Arrow-right Camera
The Spokesman-Review Newspaper
Spokane, Washington  Est. May 19, 1883

Otter: Idaho won’t help with immigration crisis on Mexico border

BOISE – Idaho is off-limits to any plans to ease the growing humanitarian crisis on the Mexican border, Idaho Gov. Butch Otter declared Wednesday in a letter to federal officials.

Idaho, which borders Canada, had not been targeted to help with the influx of children entering the United States illegally. But Otter’s spokesman, Jon Hanian, said, “The governor felt it was important to act pre-emptively.” Otter’s letter said he wants “to immediately eliminate the chance of the federal government using Idaho as a destination or a staging area for the influx of unaccompanied and illegal immigrants entering the United States through our southern border.”

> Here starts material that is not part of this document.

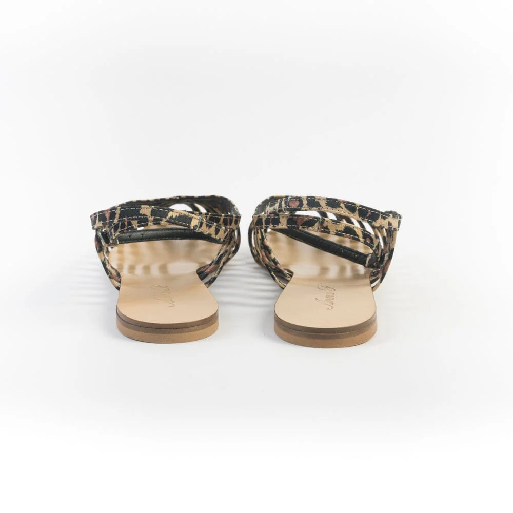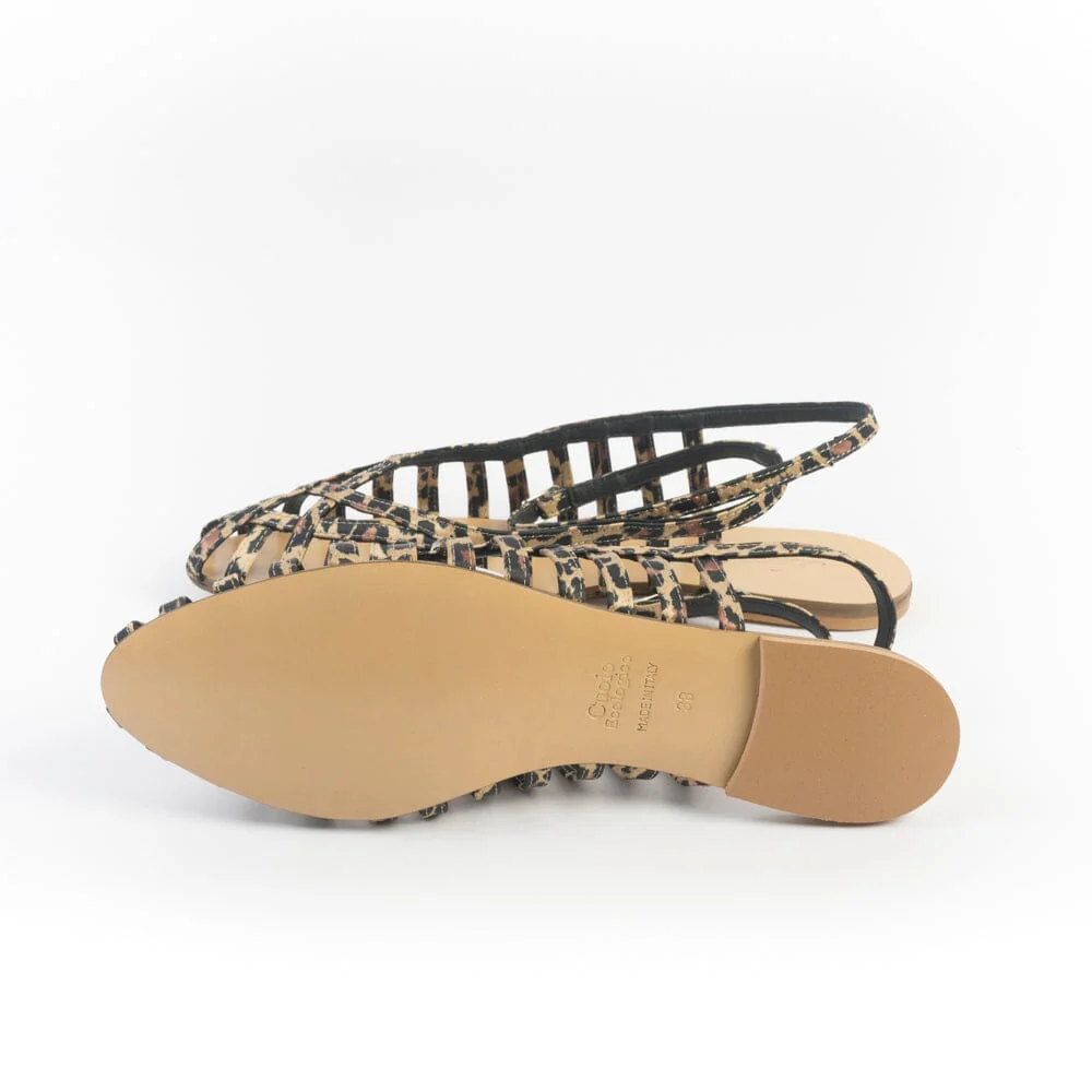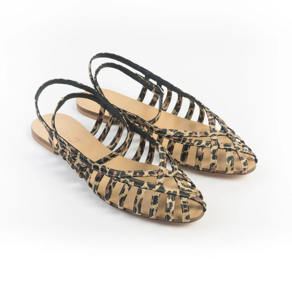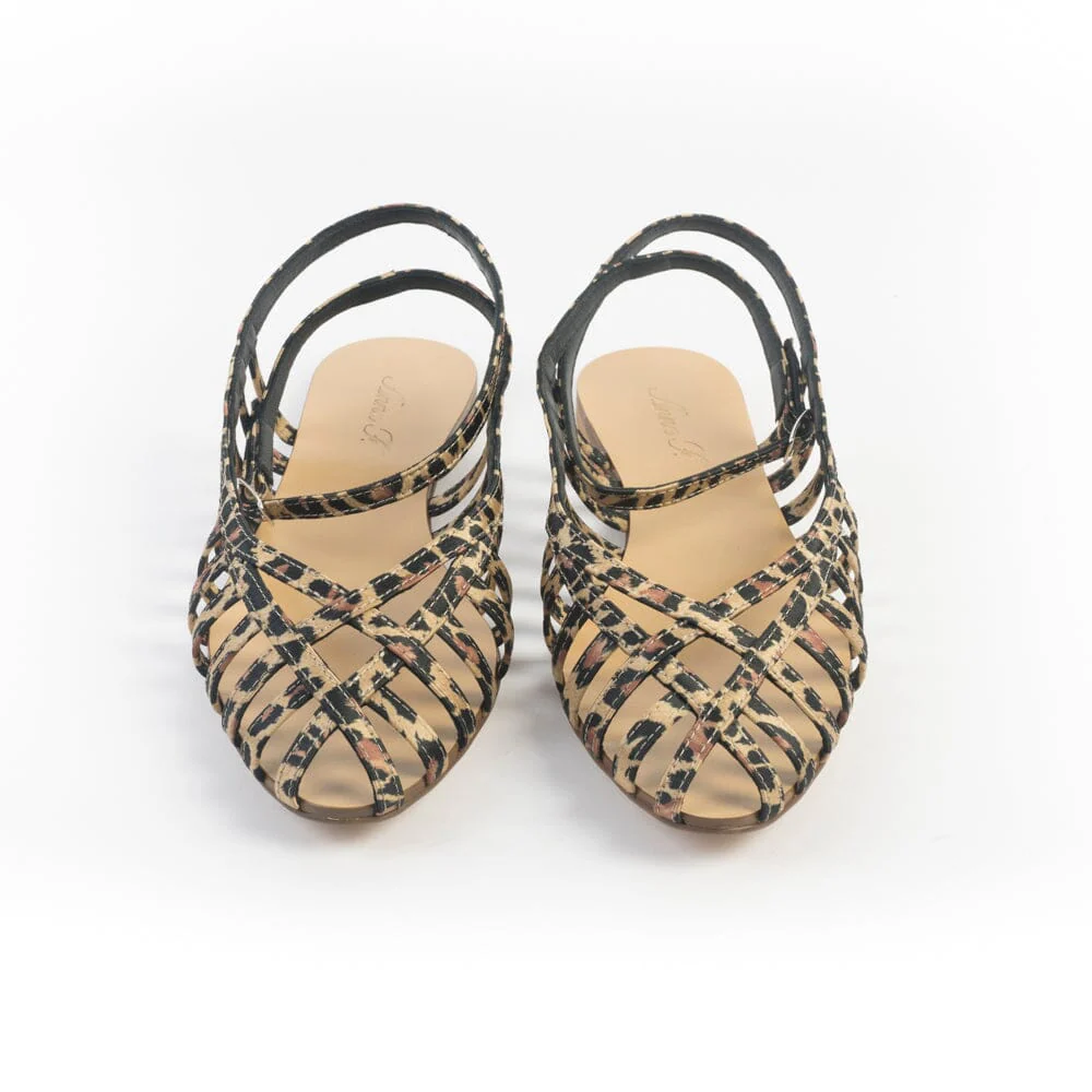 Sandali con tomaia “a ragnetto” di Anna F. realizzati in tessuto maculato foderato in pelle di colore nero. Chiusura su caviglia con fibbia. Sottopiede in cuoio. Suola in cuoio ecologico.

A second-term Republican who is up for re-election, Otter wrote to U.S. Health and Human Services Secretary Sylvia Mathews Burwell, Homeland Security Secretary Jeh Johnson, and U.S. Citizenship and Immigration Services Director Leon Rodriguez; he copied his letter to Idaho’s all-GOP congressional delegation.

“It should be understood that the State of Idaho and its subdivisions will not be actively involved in addressing the humanitarian crisis the federal government has created,” Otter wrote. “Idaho will not open itself to the unwelcome challenges with which other states have struggled at the federal government’s hands.”

Otter’s Democratic challenger, A.J. Balukoff, suggested Otter’s letter was nothing more than a political ploy.

“We frankly think it’s not appropriate for Gov. Otter to weigh in on this national crisis that has nothing to do with his office at this time just to score political points,” said Balukoff’s campaign spokesman, Mike Lanza. “A.J. feels that Gov. Otter is trying desperately to talk about anything except his own record on education and jobs in Idaho.”

Balukoff is a wealthy Boise businessman and the longtime president of the Boise School Board. Otter is a former three-term U.S. representative and longtime lieutenant governor who’s seeking a rare third term as Idaho’s governor.

Tens of thousands of migrant children, many of them fleeing violence in Central America, have been apprehended trying to cross illegally into the United States at the Mexican border. The influx has prompted protests, including one in the Southern California town of Murrieta on July 1 where protesters chanting “Go home!” turned back three busloads of migrant children and families who were being transferred from one federal facility to another.

On Wednesday, the New York Times reported that religious leaders across the country – from Cardinal Timothy Dolan, the Catholic archbishop of New York, to Protestant, Southern Baptist and Jewish leaders – were leading a backlash to the protests, saying the nation should welcome the fleeing children.